KFC & Pizza Hut operator Devyani International is predicted to form a stellar debut on bourses on August 16 with most analysts expecting quite 50 percent listing gains.

The Rs 1,838-crore public issue was oversubscribed by 116.71 times during April 4-6. Qualified institutional investors’ reserved portion was subscribed 95.25 times, non-institutional investors part was subscribed 213.06 times, and therefore the portion put aside for retail investors witnessed 39.52 times subscription. Employees’ portion was subscribed 4.7 times.

The offer comprised a fresh issue of Rs 440 crore and a suggestion purchasable of Rs 1,398 crore by investor Dunearn Investments and promoter RJ Corp.

“Considering excellent demand from for QSR story in India, we expect strong listing above Rs 135, which translates to quite 50 percent premium over the upper end of the IPO price Rs 90,” Prashanth Tapse, VP Research at Mehta Equities told Moneycontrol.

“Premium listing gains seem to be justified because the issue was well priced with attractive valuation and well-diversified global brands (KFC, Pizza Hut, Costa Coffee & Yum) are strongly placed across all age groups which provides future demand visibility,” Tapse said Gaurav Garg, Head of Research at CapitalVia Global Research expects listing to be around Rs 145-150.

Devyani International is that the largest franchisee of Yum Brands in India and is among the most important operator of quick-service restaurant (QSR) chains with 696 stores across 166 cities.

Yum Brands Inc. operates brands like KFC, Pizza Hut and Taco Bell and features a presence globally with quite 50,000 restaurants in over 150 countries. additionally , the corporate is additionally a franchisee for the Costa Coffee brand and stores in India.

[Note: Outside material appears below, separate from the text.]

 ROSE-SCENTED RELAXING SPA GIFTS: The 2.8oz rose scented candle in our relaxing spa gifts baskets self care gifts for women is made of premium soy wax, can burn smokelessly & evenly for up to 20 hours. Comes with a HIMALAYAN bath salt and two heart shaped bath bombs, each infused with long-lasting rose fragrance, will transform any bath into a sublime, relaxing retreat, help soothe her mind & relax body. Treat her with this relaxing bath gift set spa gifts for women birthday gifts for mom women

Currently, the Costa Coffee chain operator’s shares are trading at Rs 145 within the grey market, a premium of Rs 55 or 61.1 percent over the ultimate issue price of Rs 90 per share, the IPO Watch and IPO Central data showed.

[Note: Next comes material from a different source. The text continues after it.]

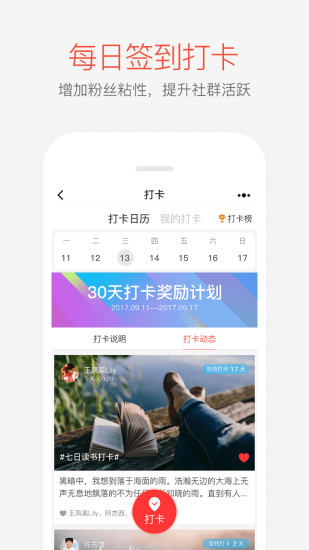 1.【掌门号打卡】增加粉丝粘性、提升社群活跃;

“The grey market premium is sort of justified. With the past few IPOs hitting the exchanges with stellar listing gains it’s only natural for investors to be so optimistic. The QSR business model features a huge potential within the country with a growing working population, changing tastes and preferences of the consumers,” said Gaurav Garg said.

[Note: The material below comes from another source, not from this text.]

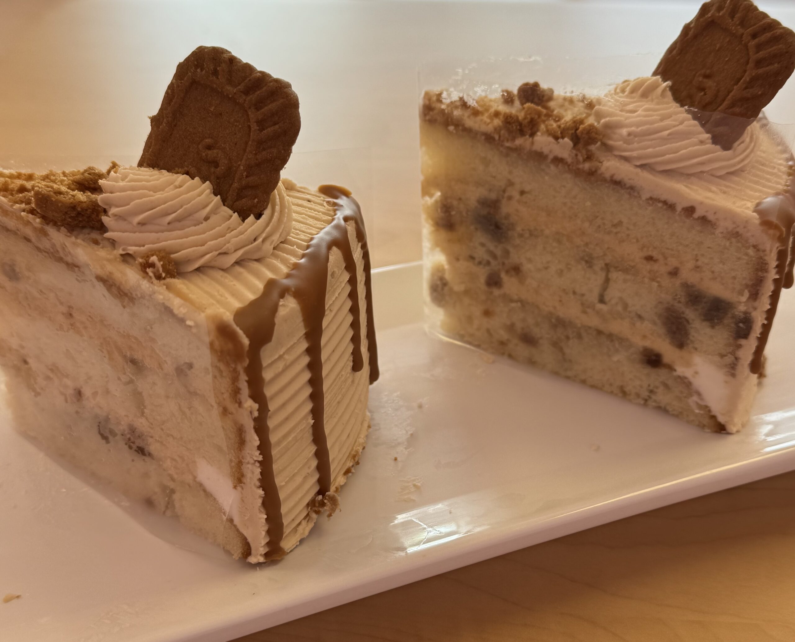 With our Biscoff Bliss Cake Slice__ Enjoy Layers of Moist caramel infused sponge, paired with luscious Biscoff cream filling. Finished with a silky Biscoff spread drizzle, every bite delivers warm, spiced, cookie richness and melt-in-your-mouth Bliss.

“The company is valued at 9.54 times on price/sales front which is sort of reasonable in comparison to its peers and therefore the IPO is valued at around 62.8 times EV/EBITDA (enterprise value – earnings before interest, tax, depreciation and amortisation) which looks reasonable when looked along side its peers. the expansion potential of this industry is sort of high once it can operate at full capacity and is predicted to get good return on equity.” he added.nce it can operate at full capacity and is predicted to get good return on equity.” he added.

Amarjeet Maurya – AVP – Mid Caps at Angel Broking also expects strong listing gain on the rear of lower EV/Sales (FY21) valuation which is 9.9x compared to peers (Jubilant Foodworks – 15.4x, Burger King India – 14.8x, Westlife Development – 10x).